"It is the year 4005. We will be dead, our research published. Our lives, careers, and dreams will be done. No one will look back and say, 'Ahhh, damn. Zahra Grimshaw failed her chemistry test and had a weak sixty page ecology paper. I can't believe that!' It's not going to define your whole life. You need to just take one minute to breathe."
These are the words of my advisor and professor, Dr. Xavier, coming from the lips of my lab partner, Pennie. These words had an instant calming effect on my fit. I am not the type of person who can be easily disturbed, be it by a scary movie, an awkward situation, or many of life's stressful burdens. But on this November day, at 2:40 AM, I was Atlas, crumbling under the weight of a world to heavy to carry anymore. I was stuck in a rut again and seasonal depression had been crawling away from the summer sun and had been heading in my direction since spring had cast it off.

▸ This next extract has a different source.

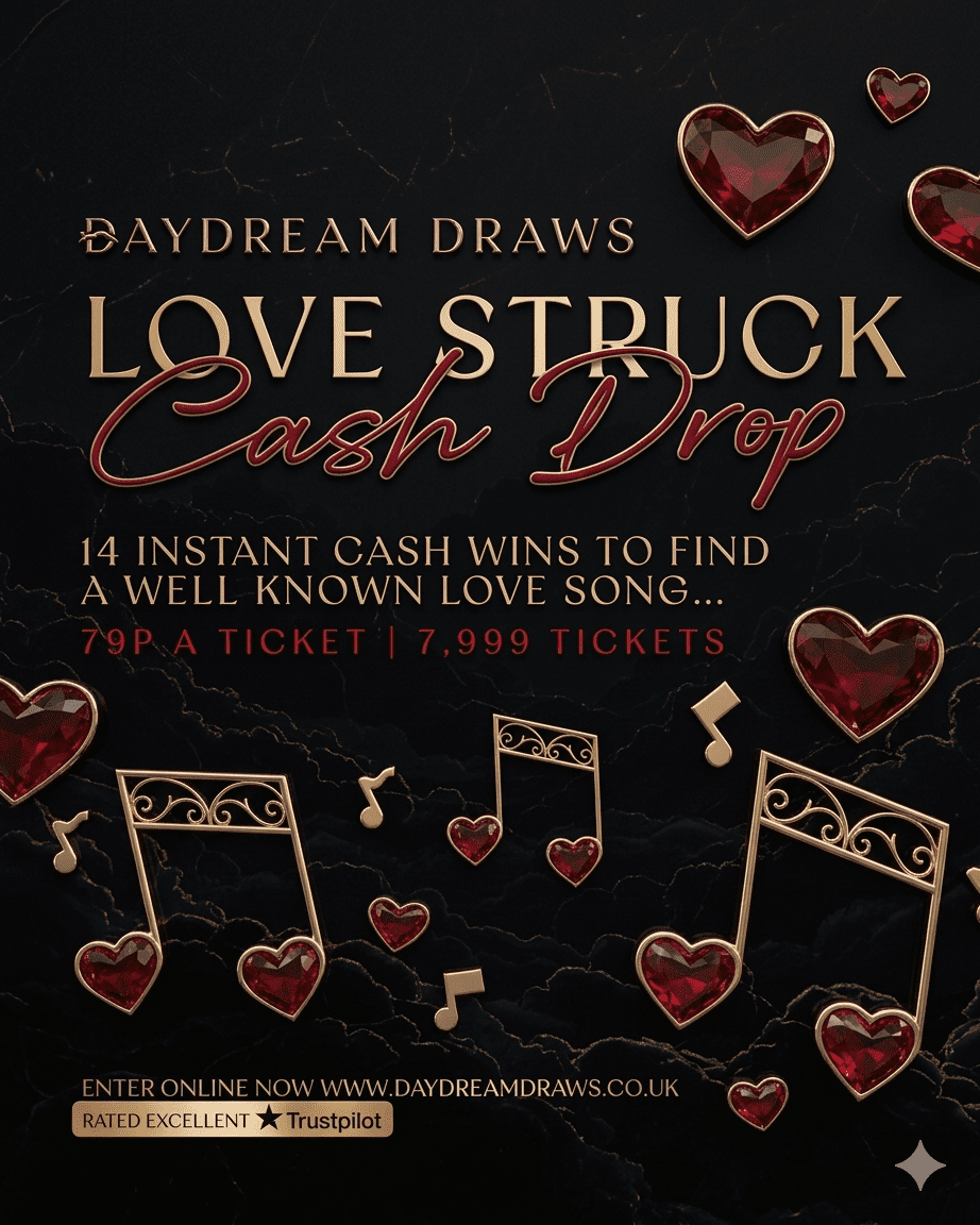The live draw will take place on the Daydream Draws Ltd Facebook page using Google’s random number generator to select the winning ticket number from all Entrants.

The slimy, cracked, aching hands of depression grabbed for fresh soil, pulling its naked, gray, crippled body behind it and it made its way to bum fuck Egypt's academic headquarters, the middle-of-nowhere Metropolis - it had made its way through the small, weird, and removed town in which I lived.

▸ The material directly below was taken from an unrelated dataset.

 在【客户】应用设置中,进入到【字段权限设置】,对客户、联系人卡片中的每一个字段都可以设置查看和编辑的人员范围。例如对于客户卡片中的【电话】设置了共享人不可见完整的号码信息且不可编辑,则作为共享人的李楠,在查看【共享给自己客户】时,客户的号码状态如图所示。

There is still a set of invisible scratches in my front door, where it clawed and pawed at the door, which I would not open, until it popped it from its frame. The crippled and diseased creature pulled itself across my floor, closing the gap between it and me, and evidence of the battle which ensued still lurk around my gloomy basement apartment: used dishes from many meals ago on the table (certainly to discourage the creature from getting any closer), dirty clothes tossed carelessly around the house (assuredly thrown at the creature, in self defense), and pillows and blankets curled in a ball on the couch (surely the only spot in the house which the creature cannot reach) where I have been sleeping/vegetating for two weeks. There are also multiple piles of paperwork (which I hide behind to confuse the creature) and Chubbers, the cat (a valiant feline companion, who has braved the weather and war and fought beside me in every wintry battle. His only complaint is when dinner is late, and it is, in every respect, polite).

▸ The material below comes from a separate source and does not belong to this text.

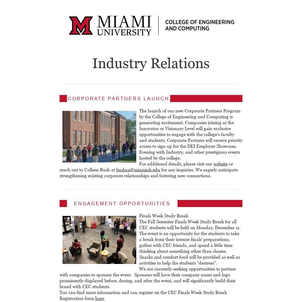 For additional details, please visit our website or reach out to Colleen Bush at bushc4@miamioh.edu for any inquiries. We eagerly anticipate strengthening existing corporate relationships and fostering new connections.

If the words of my professor are correct, this crippled, draining creature will die with me and the story of our great war will likely not reach the ears of the citizens who reside in the year 4005. Given the off chance that these citizens do hear about my great war, it will seem at best to be the smallest pinching battle of all time. They will not care if the creature and I died as equals in battle or if peace was made between the two of us. Perhaps victory will be mine to claim? Or, on a particularly dark and weak day of the future, perhaps my small gloomy basement apartment fortress will have been taken over by the creature and I will be left waving the saddest white flag my family has ever seen.
It is the year 4005. We will be dead, our research published.Our lives, careers, and dreams will be done. No one will see the drag marks, made by our inner demons, circling the house like vultures. No one will see the pieces of earth, stuck in the corner, which you overlooked while trying to clean up the mess you made when you let that heavy planet roll off your shoulders and crash to the bottom of the universe. No one will care about the tiny things, either - the bad grade on a test, that day you hair stood straight up, the day you cried in front of someone, the dinner that was ruined because you somehow burnt soup, the day you looked too fat in those jeans, the day you stuck your foot in your mouth.
It gives me great comfort to know that the year 4005 will never know my "fog".